Smartphone maker ZTE is fast emerging from the crisis that followed the crippling sanction slapped by the Trump administration for allegedly engaging in business transactions with North Korea and Iran violating US rules. Both sides are making efforts to de-escalate the hostility, which otherwise would have made the China-based telecommunication giant the first casualty of the simmering trade standoff between Beijing and Washington.
The tech firm, one among the top players in the Chinese telecom sector, embarked on a comprehensive management overhaul this week to comply with the demands set by Trump for lifting the ban. The move follows an agreement signed by ZTE with the Federal Government last month to end the dispute.

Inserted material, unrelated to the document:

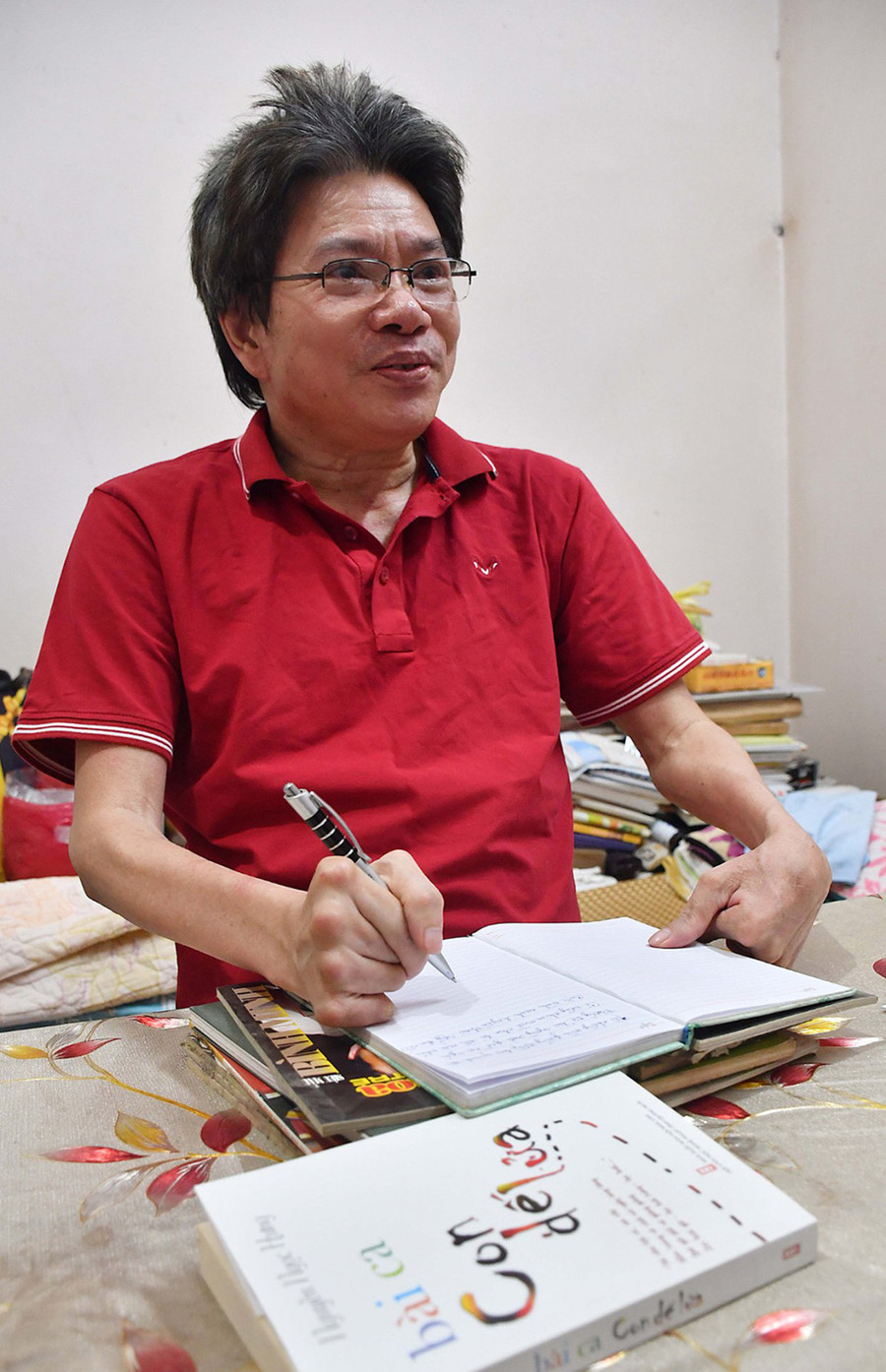 Có lần viết về anh, tôi gọi anh là “Nhà thơ đi thực tế bằng thơ”. Nằm một chỗ, chân tay cứng đơ như que củi, anh đọc thơ như một cách đi thực tế để làm thơ. Và thơ tình anh viết như thế này: “Nắng tắt chân trời gió trốn vào cây/Hồn nhiên lá vẫn chơi trò cút bắt/Em tinh nghịch ẩn mình sau khúc ngoặt/Để tặng cho tôi một cái... giật mình?!”.

Earlier this week, the government eased its stance against the company, allowing it to resume some of its dealings in the US.
As part of the restructuring, the company appointed Xu Ziyang as the new chief executive officer and replaced the chief financial officer, chief technology officer and human resources head. Ziyang, who had been serving as the head of ZTE’s German operations, is also in charge of its network product portfolio and the cloud segment. According to sources close to the matter, employment contracts of seven senior executives, including senior vice presidents and executive vice presidents, will be canceled this week.
This week, the government eased its stance against the company, allowing it to resume some of its dealings in the US
Meanwhile, the government’s mandate stipulates that ZTE should also constitute a new board of directors to be able to buy US-made components on a long-term basis. As of now, the company is allowed to import electronic components from American suppliers on a temporary basis.
The executive reshuffle is the continuation of a series of damage control measures taken by ZTE since it earned the ire of the US Prez. The steps include a new $11-billion financing plan, the election of eight new members to its board of directors and a crackdown against the employees involved in the dealings that allegedly breached the US laws. For the company, which is heavily dependent on US suppliers for parts, the sanction came as a bolt from the blue, forcing it to close down certain facilities in China.
ZTE’s share price more than halved in the Hong Kong Stock Exchange in early June when Trump tightened his grip on the company and was broadly flat since then. The stock traded lower in the early trading hours Thursday despite the positive developments.